§ **Exercise**
Would you please retype, exactly, the lines of the listing below between the line with "The Group believes" and the line with "Be kind Kids", inclusive?

§ **Data supplied**
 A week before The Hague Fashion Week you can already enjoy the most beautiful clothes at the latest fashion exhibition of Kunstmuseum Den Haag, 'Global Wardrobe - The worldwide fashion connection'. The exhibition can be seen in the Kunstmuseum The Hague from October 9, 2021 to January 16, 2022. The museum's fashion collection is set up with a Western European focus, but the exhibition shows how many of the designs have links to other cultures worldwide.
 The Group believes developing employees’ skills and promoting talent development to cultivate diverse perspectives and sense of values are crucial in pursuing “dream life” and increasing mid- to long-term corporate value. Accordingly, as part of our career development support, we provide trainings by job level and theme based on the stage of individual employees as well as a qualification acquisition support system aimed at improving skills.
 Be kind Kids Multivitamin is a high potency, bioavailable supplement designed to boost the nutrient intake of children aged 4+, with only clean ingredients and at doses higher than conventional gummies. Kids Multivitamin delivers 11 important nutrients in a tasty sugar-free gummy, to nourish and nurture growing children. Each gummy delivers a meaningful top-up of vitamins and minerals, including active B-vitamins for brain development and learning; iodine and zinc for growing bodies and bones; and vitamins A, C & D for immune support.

---

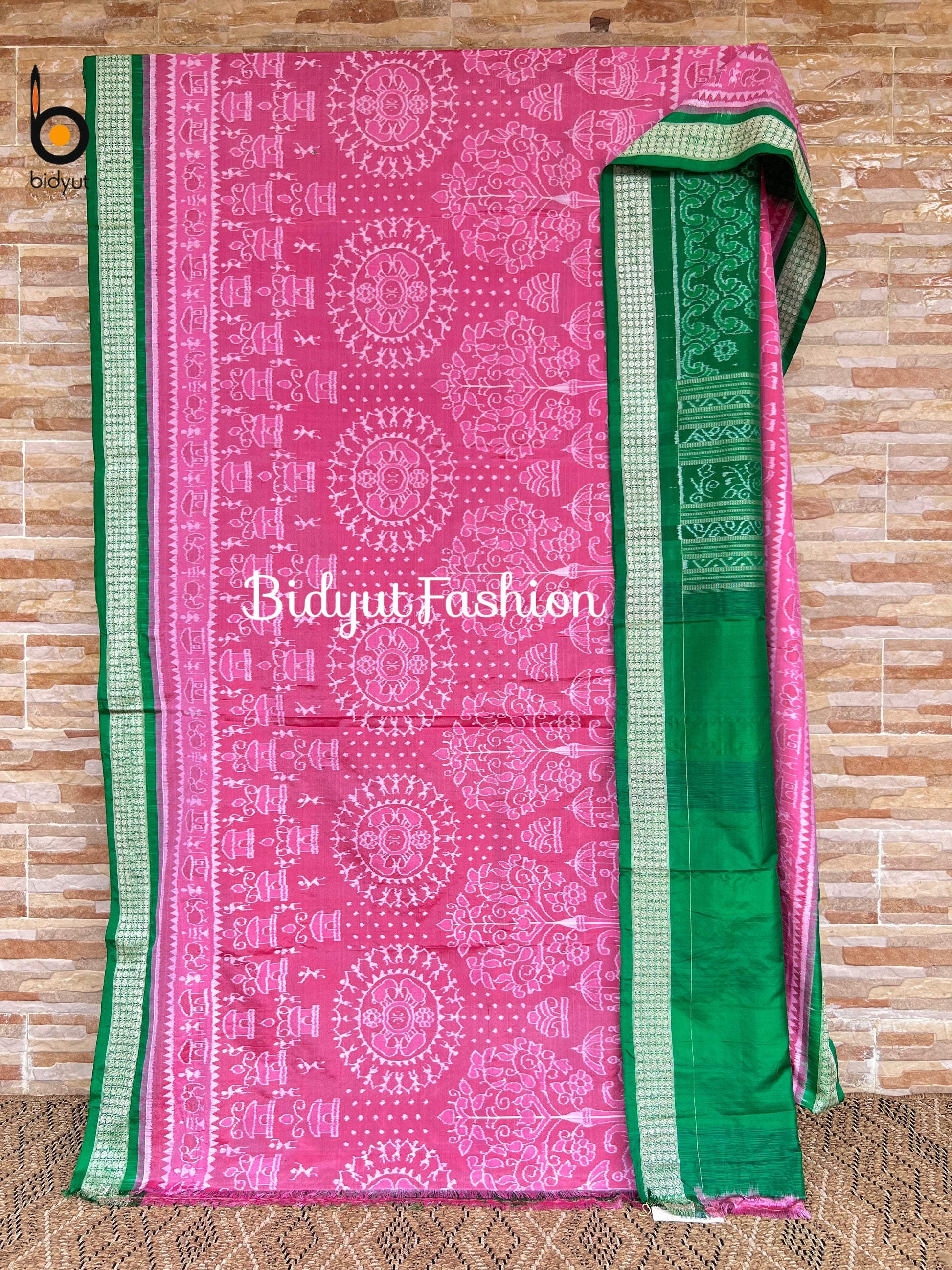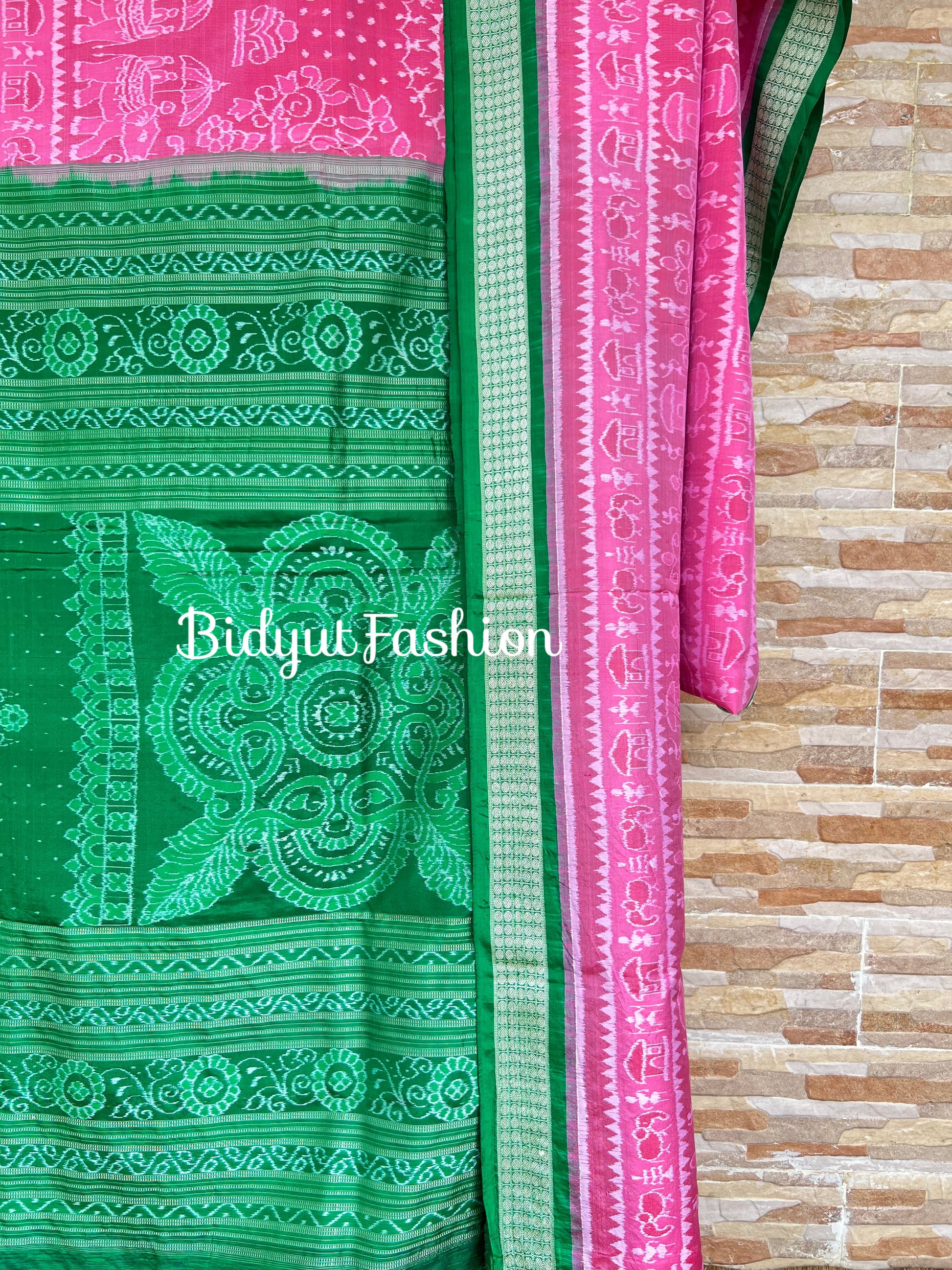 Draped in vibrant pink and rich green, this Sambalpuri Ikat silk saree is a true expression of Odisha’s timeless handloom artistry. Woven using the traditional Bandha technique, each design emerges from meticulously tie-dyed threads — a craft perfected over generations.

§ **Output for this task**
 The Group believes developing employees’ skills and promoting talent development to cultivate diverse perspectives and sense of values are crucial in pursuing “dream life” and increasing mid- to long-term corporate value. Accordingly, as part of our career development support, we provide trainings by job level and theme based on the stage of individual employees as well as a qualification acquisition support system aimed at improving skills.
 Be kind Kids Multivitamin is a high potency, bioavailable supplement designed to boost the nutrient intake of children aged 4+, with only clean ingredients and at doses higher than conventional gummies. Kids Multivitamin delivers 11 important nutrients in a tasty sugar-free gummy, to nourish and nurture growing children. Each gummy delivers a meaningful top-up of vitamins and minerals, including active B-vitamins for brain development and learning; iodine and zinc for growing bodies and bones; and vitamins A, C & D for immune support.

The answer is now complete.